# M 12 6 speed



## UdnUdnGTO (Jan 30, 2006)

Certainly I am slow, but I just ran into some langauge under the hood I do not understand. I read others talking about M6, uner the hood, I have a M12. So what is the difference, if any?


----------



## Ninjured (Apr 28, 2006)

not to confuse you more but we have a tremec t-56 transmission
http://www.tremec.com/English/products/T-56.asp#Car

the model t-56 we have is the m12 (not to be confused with the MM6, MZ6 or M10)
read up...
http://www.cadillacfaq.com/faq/answers/pdf/t56-06.pdf

most put m6 to signify 6-speed manual cause saying I drive a GTO with the m12 can be a little confusing


----------



## bg2m8o (Jul 25, 2006)

M6 is the colloquial term for Manual 6 speed. The M12 you see on the build tag is the RPO (regular production order) code for the trans. All GM factory equipment is coded this way.

Some common ones include: Z28, Z51 (Z codes are suspension, as well as some F codes)

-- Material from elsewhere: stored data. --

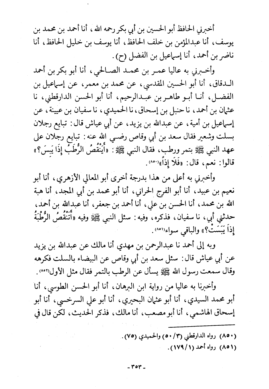 وأخبرني به عاليا عمر بن محمد الصالحي، أنا أبو بكر بن أحمد الدقاق، أنا أبو الحسين المقدسي، عن محمد بن معمر، عن إسماعيل بن الفضل، أنا أبو طاهر بن عبد الرحيم، أنا أبو الحسن الدارقطني، نا عثمان بن أحمد، نا حنبل بن إسحاق، نا الحميدي، نا سفيان بن عيينة، عن إسماعيل بن أمية، عن عبد اللَّه بن يزيد، عن أبي عياش قال: تبايع رجلان بسلت وشعير فقال سعد بن أبي وقاص رضي اللَّه عنه: تبايع رجلان على عهد النبي -صلى اللَّه عليه وسلم- بتمر ورطب، فقال النبي -صلى اللَّه عليه وسلم-: "أَينْقُصُ الرُّطَبُ إِذَا يَبِسَ؟ " قالوا: نعم، قال: "فَلَا إذًا" (¬850).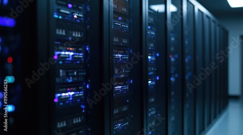 Data Center Server Racks with LED Lights and Cables, Reflective Floor and High-Performance Technology, Cloud Computing Concept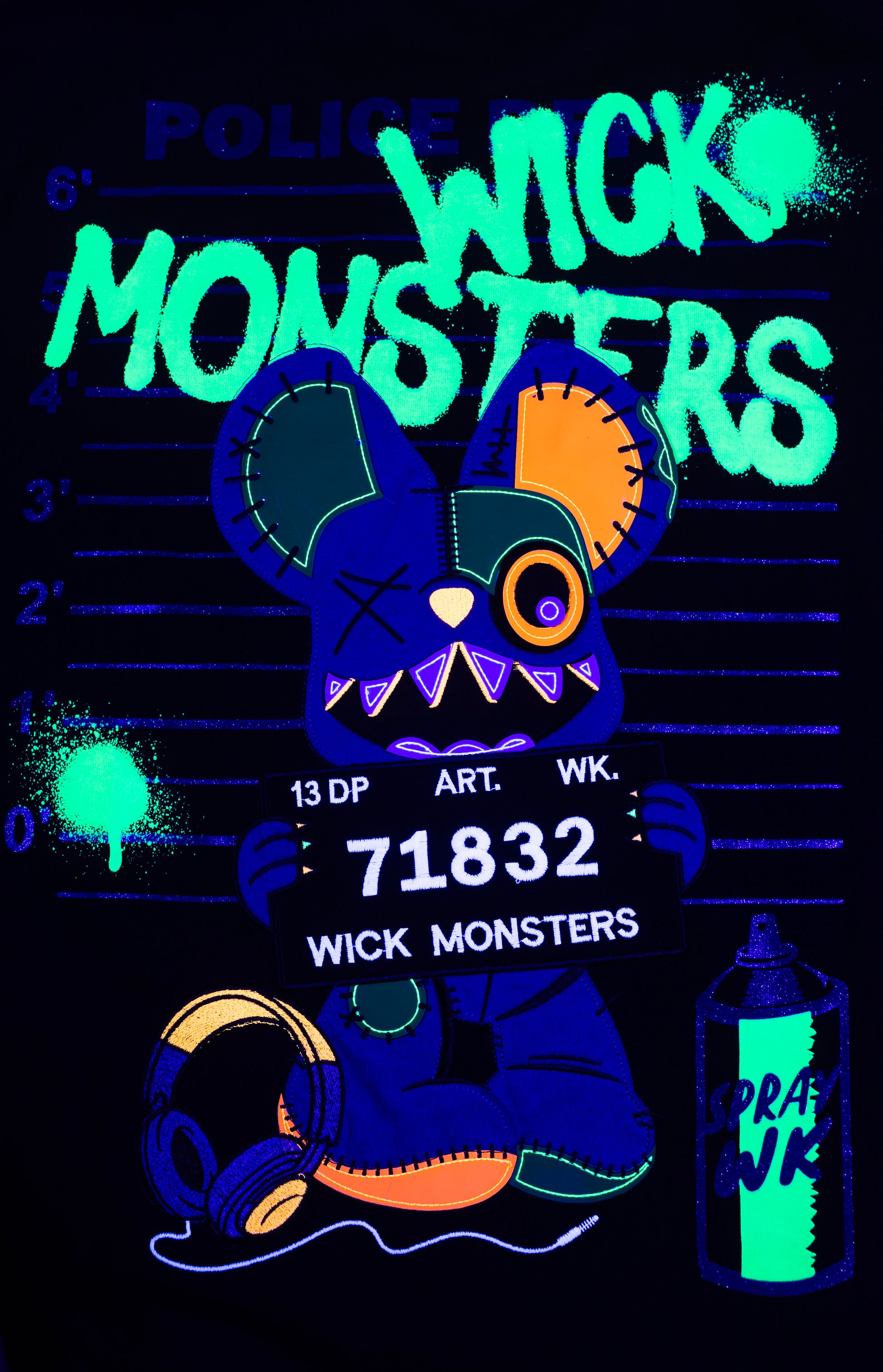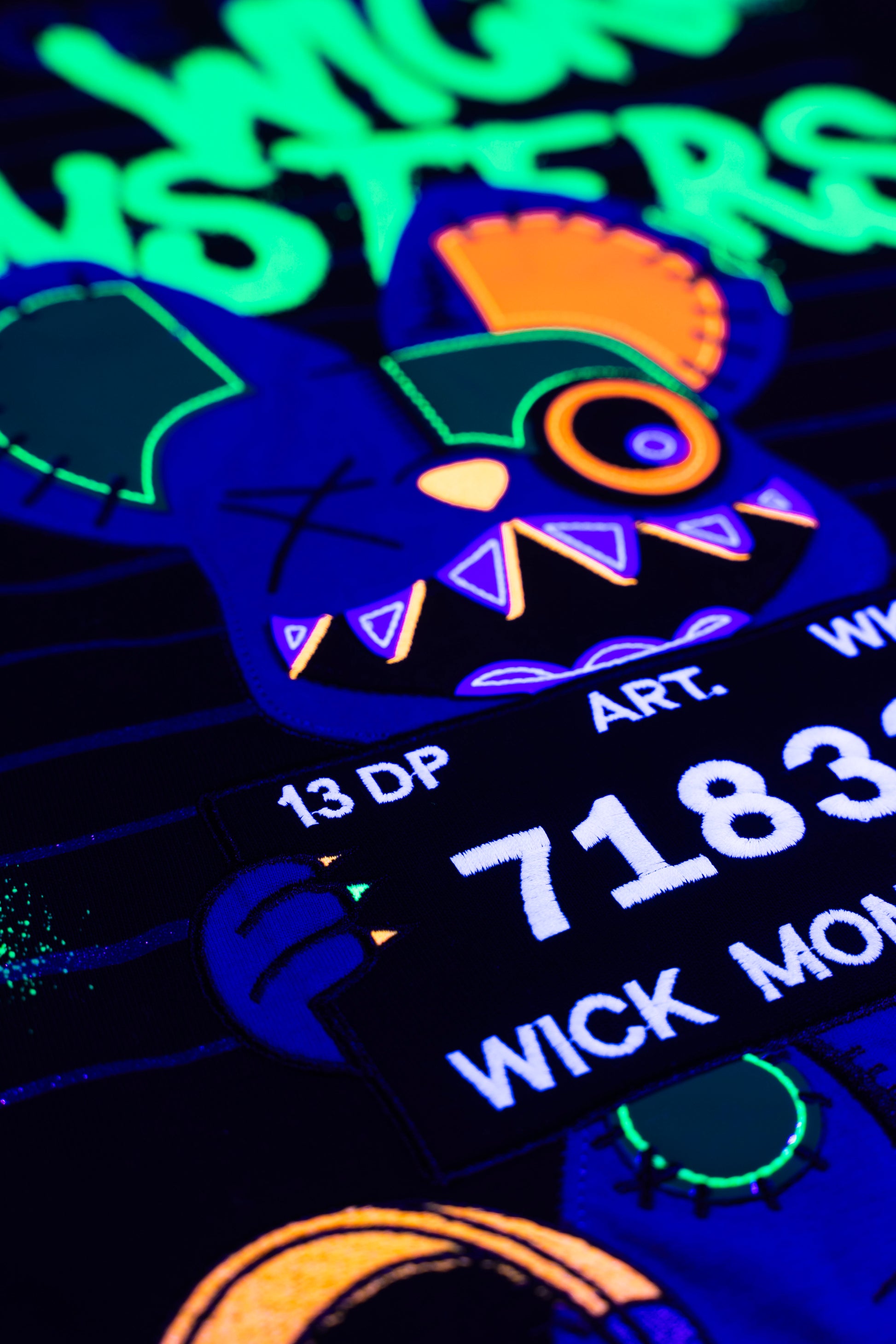 The SWAT Tee merges urban energy with monster identity. Available in both black and white versions, it features hand-drawn monster graphics and neon details that capture the essence of Wick Monsters street culture.

Engines are almost always preceeded by L, Hence LS2, LS1, LT1, LT5. etc

Axles are G (G80 is almost universal for a LSD type dif) Other axle codes are present too, usually denoting ratios.

Trans codes are M. M12 for the Tremec, The 4 speed autos were almost always MXO, but I think the Goat is different M21, M22's were the rock crusher 4 speeds back in the day.

Looking at the SPI tag in the trunk of the goat bears this out. This tag is often in the glove box of GM cars and is also often confused with the build sheet which it is not. The Goat is indeed coded with LS2, G80, M12 etc.


----------



## UdnUdnGTO (Jan 30, 2006)

arty: Wow, thanks for the explanation.

That works.


----------



## bg2m8o (Jul 25, 2006)

You're Welcome! I tend to have a veritable plethora of useless knowledge on such things. Wish I could find my build sheet! Maybe they don' do 'em in Oz.


----------